Teams that have embraced every chatbot wave of 2017 rarely pinpoint a single skill that has survived across a brand. They can identify four items purchased, each of which has been replaced.
Gartner expects that more than 40% of AI projects will be canceled by the end of 2027, citing rising costs, unclear business value, and weak risk management. The company also estimates that about 130 of the thousands of self-described agent sellers are not genuine. Another is agent washing, labeling old assistants, and decades-old robotic process automation (RPA).
It requires vendors to define their product in terms of a core function that remains in demand even if the basic model, interface, and delivery method change completely within three years.
For example, “Representing our offerings accurately in machine shopping centers” is a long-term task. “Designing productive multimodal experiences across channels” is a format that does the job.
Buying new technology is often the right call. The discipline is to identify the work that will still need to be done if the platform disappears overnight. Direct mail marketers answer that question without a doubt. Agent sellers are often the ones who deserve your attention.
3. Consistent measurement allows for continuous improvement
The measurement of direct mail slowly evolved while everything around it was moving. For direct mail, the list, offer, date, cost, and response window are well-known organizations. The test depends on the control cell, and marketers have measured the response in the same way for at least 40 years.
Digital marketing and engagement, in contrast, have never achieved the same stability. The definition of clicks gave way to engagement, engagement in care, attention to growth, and elsewhere, media mix modeling came back from the dead. Each wave came with a new vocabulary and a suggestion that the previous method was absurd. Agency marketers now sell “agent ROI” and “result attribution,” terms that vary by field and may not survive in this rapidly changing environment.
When evaluating a commercial platform, look beyond ease of use and consider how benchmarks and metrics will hold up over time. In a system where agents handle acquisitions, recommendations, and payments, and products from wherever agents direct buyers, two questions help determine whether you’re making a long-term investment or hiring for short-term results:
- What does the brand store? This may include product data, interaction history, and chat policies that can be migrated to another system and remain as proprietary assets. Contrast that with a configuration locked within a vendor’s platform.

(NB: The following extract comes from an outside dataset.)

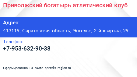 Приволжский богатырь, атлетический клуб по адресу 413119, Саратовская область, Энгельс, 2-й квартал, 29 в дальнейшем Организация, размещена в следующих категориях: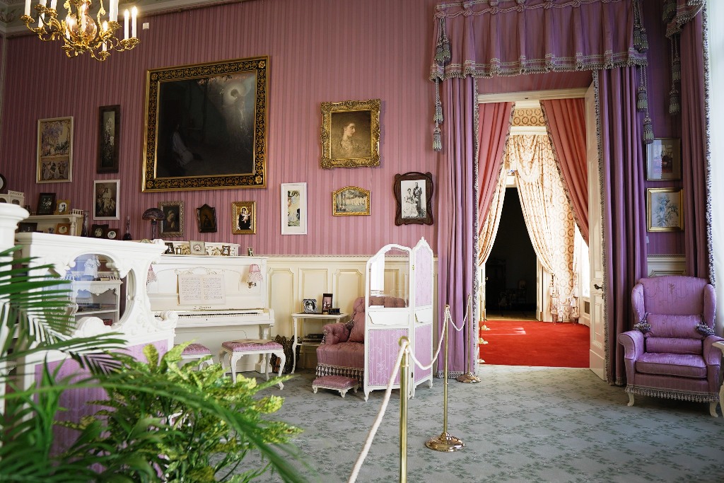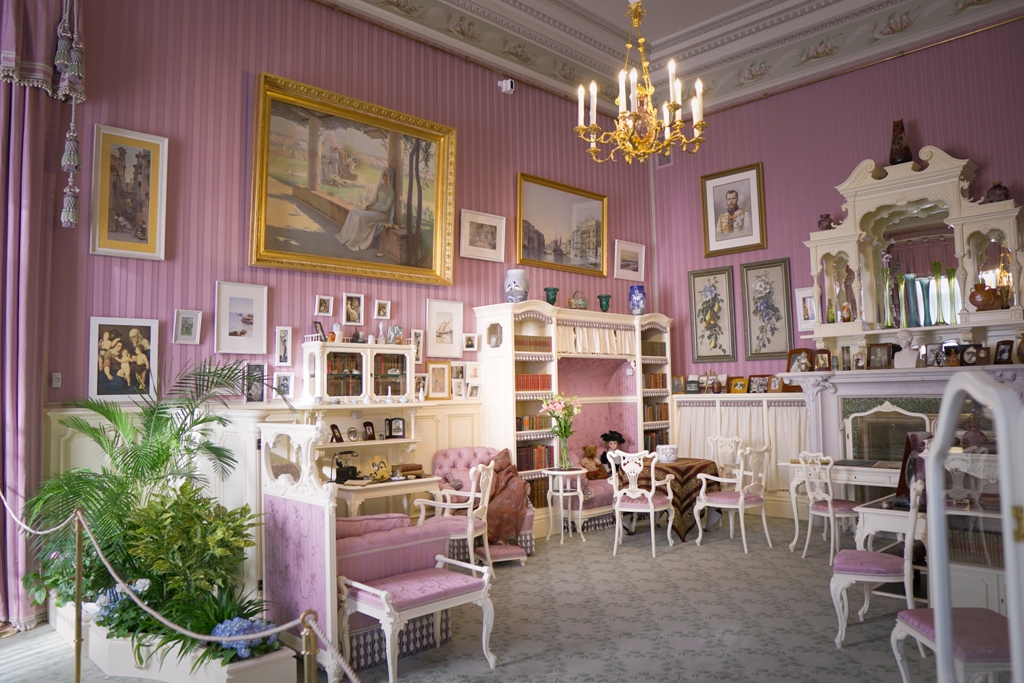 During the more than two decades of Alexandra Feodorovna’s life in Russia, the Mauve (Lilac) Boudoir – her favourite room in the Alexander Palace – was never redesigned. The mauve silk was ordered from the Parisian firm of Charles Bourget. In this room, the emperor and empress, along with their children often drank coffee after breakfast and gathered for evening tea. Alexandra Feodorovna spent a lot of time here writing letters and reading.

- What questions will we have to answer in 2029? “Did the agent’s recommendations increase qualified conversions versus foreclosures?” important question. Achieving a high score on the merchant identity index is not.
Answering these questions helps determine if the investment is solid or if contract terms should reflect a temporary arrangement while more build-versus-buy scenarios play out and the market matures.
If the stadium’s potential is significant but the surrounding infrastructure remains under rent, renegotiating the initial procurement rate to secure long-term majority ownership may seem more prudent than accepting the initial terms or walking away and allowing competitors to gain a short-term advantage.
Considerations for the coming months
Amid the pressure to keep up with competitors and rising customer expectations, the appeal of early adoption is obvious. Still, doing nothing may be less expensive than running into an unstable base. The main discipline lies in maintaining consistency while moving quickly, because the speed on the leased base only accelerates the need to migrate.
Before the next contract or renewal, define the version of this skill you expect to use in 2029. If that idea includes assets, knowledge, and scale that are not the product of the seller, the investment can be compounded over time. If you can’t describe those assets, you may be buying a short-term property of 12 months or less, and the contract should reflect that fact.
Vendors will continue to market new products to come. The strategy of choosing is to define what you intend to have and invest accordingly.